# Finding Gov Primary School in Sydney



## Surferosa (Aug 2, 2011)

Hi,

We are relocating from Oslo, Norway to Sydney in Feb/mar 2012.

We have decided to stay in the Areas Bronte, Coogee, Randwick, Maroubra. We have 2 boys that will start Kindergarten or Y1. 

I have checked the schools but want know more about the reputations. I prefer a smaller school if possible. 

The Catchment area will probably affect our Area of living

This is the schools that I have on my list now:juggle:
Bronte Public School
Randwick Public School
Clovelly Public School
Maroubra Junction Public School
Rainbow Street Public School
South Coogee Public School
Coogee Public School
Waverly Primary school

Did I miss any essential Option? 

Can anybody advice me, by telling me about your experience or what you heard around and about? 

Appreciate you help:welcome:


----------



## Surferosa (Aug 2, 2011)

Anyone?


----------



## shussel (Feb 18, 2011)

Hi,
We moved from the UK to Sydney 18 months ago and live in the South Eastern Suburbs so know a few of these schools. I would say that all of them have good reputations. I personally know South Coogee very well although my children don't go there because we're out of area, it would have been one of my first choices.
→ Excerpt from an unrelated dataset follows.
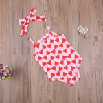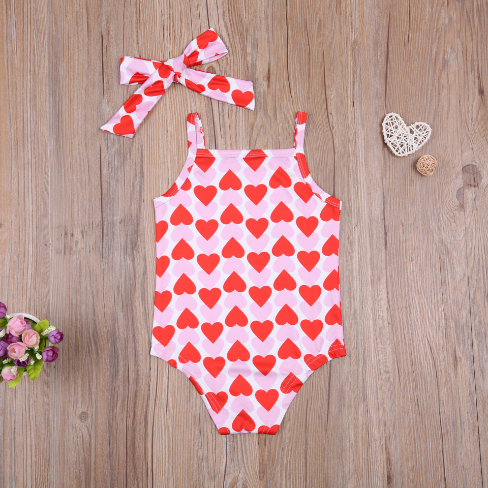 Costum de baie cu bentita si capse pentru fetite Inimioare Marime 100

I know many parents in the area who love it and the male Principal gets great feedback.
I also know people with children at Maroubra Junction and they are very happy with the school.
South Coogee and Maroubra Junction are big schools. I think Maroubra Junction has 3+ Kindergarten classes.
Maroubra Bay is another option but it has a mixed reputation - a rather negative history but much more positive in recent years. It is a small school in a great community so I wouldn't discount it. I have friends with children in K and Y1 at the moment and they're happy.
I have a friend with a son starting at Rainbow Street School in 2012 and they've already been for an orientation and she was very happy. I drive past the school frequently and think it has a good feel.
As you say, it will depend where you end up living as most of the schools in these family friendly areas have to be very strict about their catchment areas.
When we first arrived we wanted to live in Coogee or South Coogee but couldn't find a decent property so we moved further south.
I don't think you've missed any other options apart from possibly Malabar if you want more property for your money, or a faith-based school. Our children go to Catholic school (although we're not Catholic) as this was our preferred option, walking distance from where we live.
I thoroughly recommend Sydney's Eastern \ South-Eastern Suburbs!
Good luck with your plans.


----------



## GustoMaximus (Oct 15, 2008)

Surferosa said:


> Anyone?


HI - I'm doing a similar move shortly. Do you find any removalists that have reasonable reputation and price?


----------